If this distinction is accepted in the establishment of a democracy, what will the consequences be?[133]
In the first place, the masses who rule will not necessarily govern. Within the framework of a democratic constitution, they will be able to express their wishes, and make those wishes effective; but it will be impossible for them to interfere in the personnel of government, whether merely administrative or in the highest positions. It will be forever impossible that a “swine-representative” should be elected, or that one of those transient epochs of carpet-baggery, which appear from time to time in most Western democracies, should corrupt the government. By means of the popular rights of initiative, referendum, election and recall, the people will be able to control their government in the broad sweep of policy. The government will be beyond their reach insofar as petty political interference, leading to inferiority or corruption, is concerned.
In the second place, the benefits of aristocracy will be obtained without its cost. The government will be made up of men especially fit and trained to govern. There will, hence, be no difficulty in permitting the government to become extraordinarily powerful in contrast with Western governments. Since the masses will be able to choose between a wide selection of able leaders, the democracy will be safeguarded.
Sun Yat-sen regarded this as one of the cardinal points in his doctrines. In retaining the old Chinese idea of a scholar class and simultaneously admitting Western elective and other democratic techniques, he believed that he [pg 109] had found a scheme which surpassed all others. He saw the people as stockholders in a company, and the administrators as directors; he saw the people as the owner of an automobile, and the administrators as the chauffeur.
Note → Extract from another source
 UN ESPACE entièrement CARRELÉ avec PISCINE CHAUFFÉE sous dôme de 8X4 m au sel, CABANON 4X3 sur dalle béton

A further consequence of this difference between the right of voting and the right of being voted for, but one to which Sun Yat-sen did not refer, necessarily arises from his postulation of a class of geniuses leading their followers, who control the unthinking masses. That is the continuity which such a group of ideological controllers would impart to a democracy. Sun Yat-sen, addressing Chinese, took the Chinese world for granted. A Westerner, unmindful of the background, might well overlook some comparatively simple points. The old system, under which the Empire was a sort of educational system, was a familiar feature in the politics which Sun Yat-sen criticized. In arguing for the political acceptance of inequality and the guarantee of government by a select group, Sun was continuing the old idea of leadership, modifying it only so far as to make it consistent with democracy. Under the system he proposed, the two great defects of democracy, untrustworthiness and lack of continuity of policy, would be largely eliminated.
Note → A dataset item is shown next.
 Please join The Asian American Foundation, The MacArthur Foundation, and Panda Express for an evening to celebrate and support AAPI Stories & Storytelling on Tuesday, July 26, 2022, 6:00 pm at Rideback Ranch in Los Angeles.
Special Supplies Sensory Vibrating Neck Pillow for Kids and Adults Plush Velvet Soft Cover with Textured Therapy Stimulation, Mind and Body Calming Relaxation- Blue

The Democratic Machine State.
Throughout pre-modern Chinese thought there runs the idea of personal behavior and personal controls. The Chinese could not hypostatize in the manner of the West. Looking at men they saw men and nothing more. Considering the problems and difficulties which men encountered, they sought solutions in terms of men and the conditioning intimacies of each individual's life. The Confucian Prince was not so much an administrator as a moral leader; his influence, extending itself through imitation on the part of others, was personal and social rather than [pg 110] political.[134] In succeeding ages, the scholars thought of themselves as the leaven of virtue in society. They stressed deportment and sought, only too frequently by means of petty formalities, to impress their own excellence and pre-eminence upon the people. Rarely, if ever, did the scholar-official appeal to formal political law. He was more likely to invoke propriety and proceed to exercise his authority theoretically in accordance with it.
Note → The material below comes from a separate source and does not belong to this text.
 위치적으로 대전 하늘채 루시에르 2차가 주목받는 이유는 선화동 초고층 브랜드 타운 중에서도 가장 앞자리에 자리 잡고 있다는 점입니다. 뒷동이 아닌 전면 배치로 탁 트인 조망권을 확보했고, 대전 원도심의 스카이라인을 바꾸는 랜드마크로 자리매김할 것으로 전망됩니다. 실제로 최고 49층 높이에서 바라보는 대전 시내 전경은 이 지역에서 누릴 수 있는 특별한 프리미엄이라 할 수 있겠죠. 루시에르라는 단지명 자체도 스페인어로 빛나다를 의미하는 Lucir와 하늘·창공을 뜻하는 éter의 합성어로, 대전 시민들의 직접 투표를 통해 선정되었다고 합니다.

Sun Yat-sen did not feel that further appeal to the intellectual leaders was necessary. In an environment still dominated by the past, an exhortation for the traditional personal aspect of leadership would probably have appeared as a centuries-old triteness. The far-seeing men, the geniuses that Sun saw in all society, owed their superiority not to artificial inequality but to natural inequality;[135] by their ability they were outstanding. Laws and customs could outrage this natural inequality, or conceal it behind a legal facade of artificial inequality or equally artificial equality. Laws and customs do not change the facts. The superior man was innately the superior man.